Work instructions: Start to finish, print the data below exactly, without the images.

Source material:
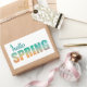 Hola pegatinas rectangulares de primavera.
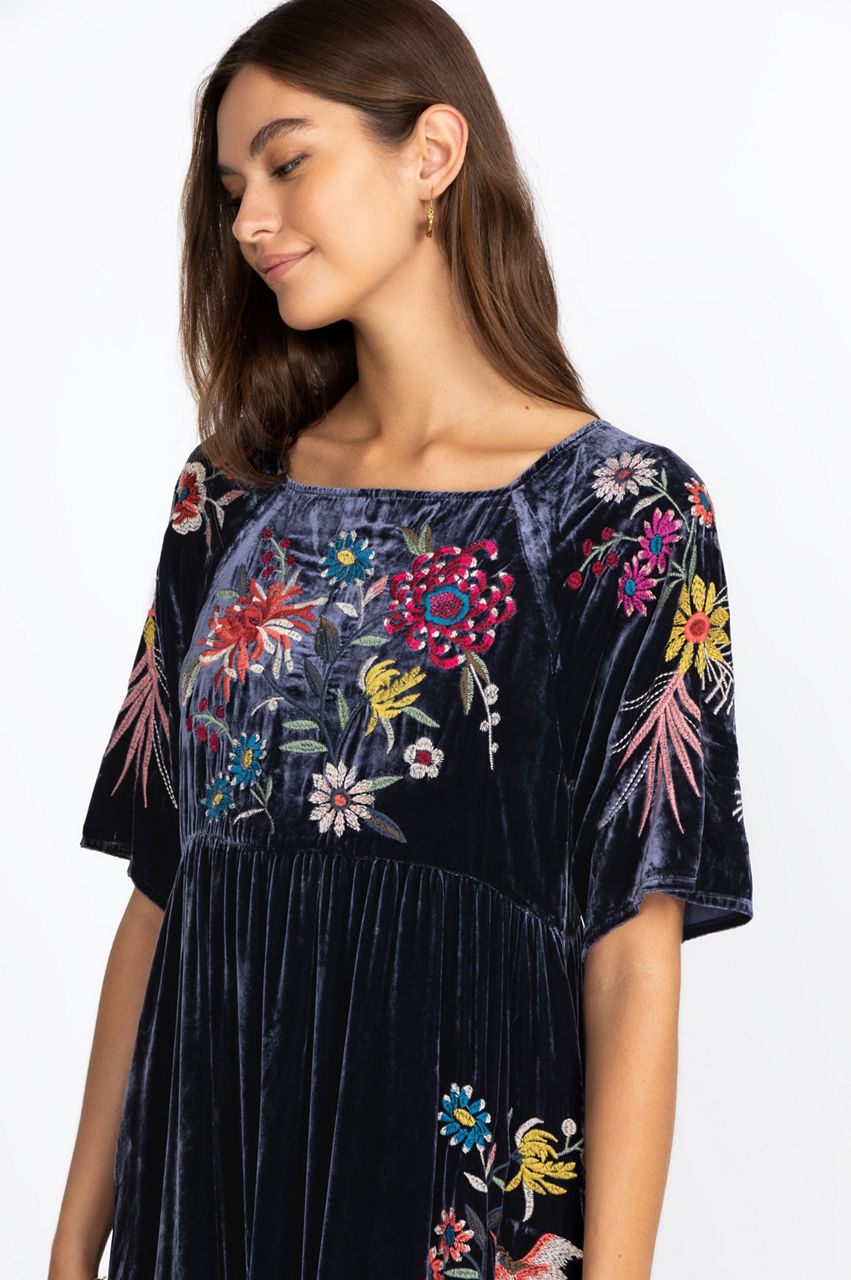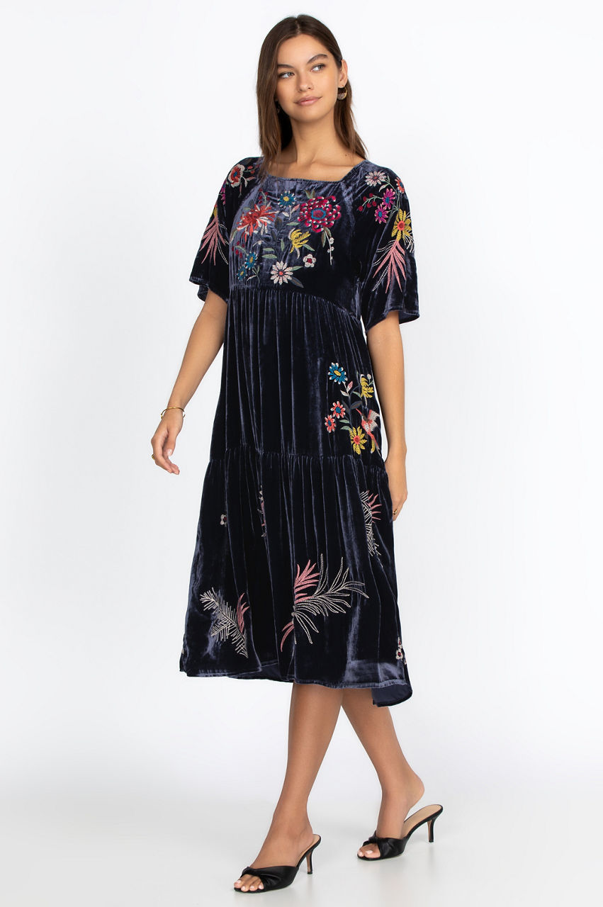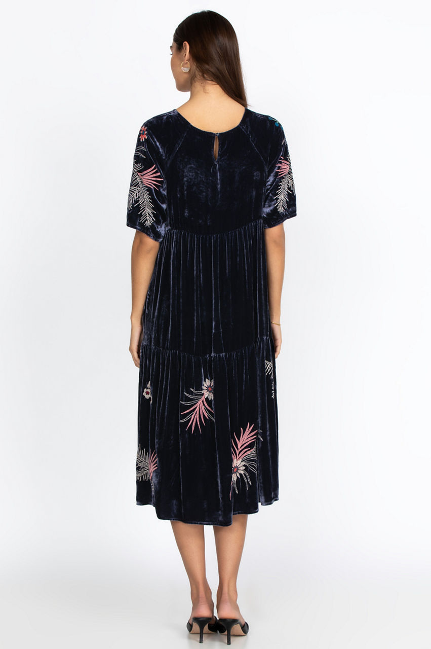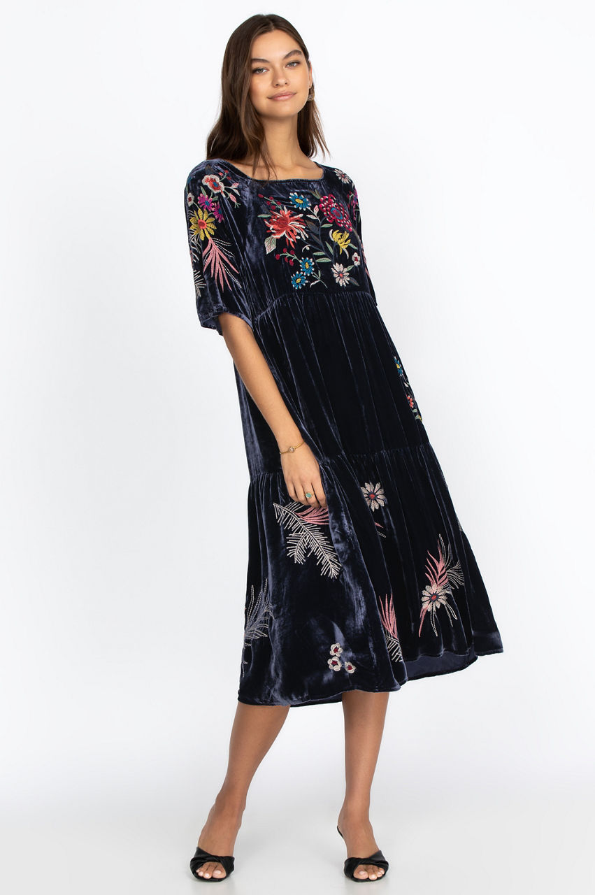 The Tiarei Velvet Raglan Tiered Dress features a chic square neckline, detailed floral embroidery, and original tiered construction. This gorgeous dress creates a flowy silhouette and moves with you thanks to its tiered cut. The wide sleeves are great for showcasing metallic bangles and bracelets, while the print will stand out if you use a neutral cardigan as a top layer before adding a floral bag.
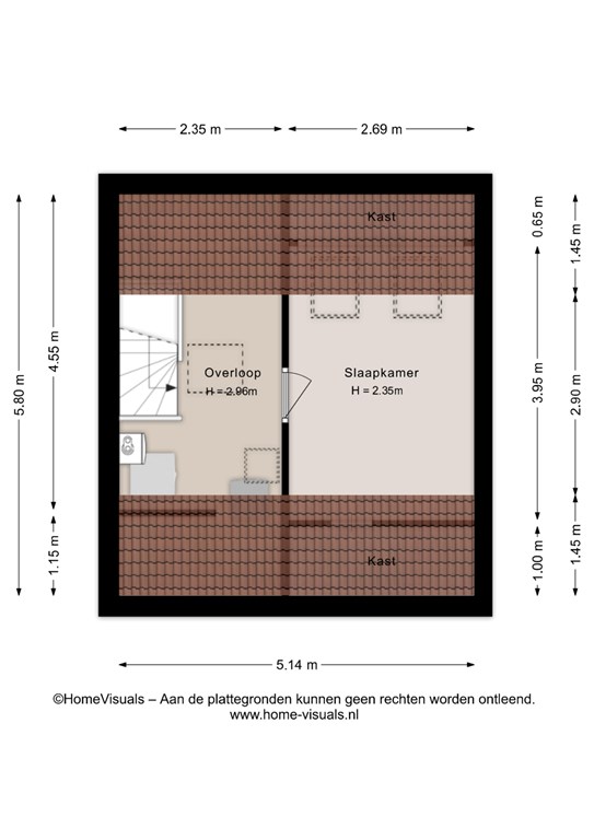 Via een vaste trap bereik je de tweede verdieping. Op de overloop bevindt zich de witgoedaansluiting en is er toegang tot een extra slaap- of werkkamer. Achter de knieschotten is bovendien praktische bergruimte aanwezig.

Response to the task:
 Hola pegatinas rectangulares de primavera.
 The Tiarei Velvet Raglan Tiered Dress features a chic square neckline, detailed floral embroidery, and original tiered construction. This gorgeous dress creates a flowy silhouette and moves with you thanks to its tiered cut. The wide sleeves are great for showcasing metallic bangles and bracelets, while the print will stand out if you use a neutral cardigan as a top layer before adding a floral bag.
 Via een vaste trap bereik je de tweede verdieping. Op de overloop bevindt zich de witgoedaansluiting en is er toegang tot een extra slaap- of werkkamer. Achter de knieschotten is bovendien praktische bergruimte aanwezig.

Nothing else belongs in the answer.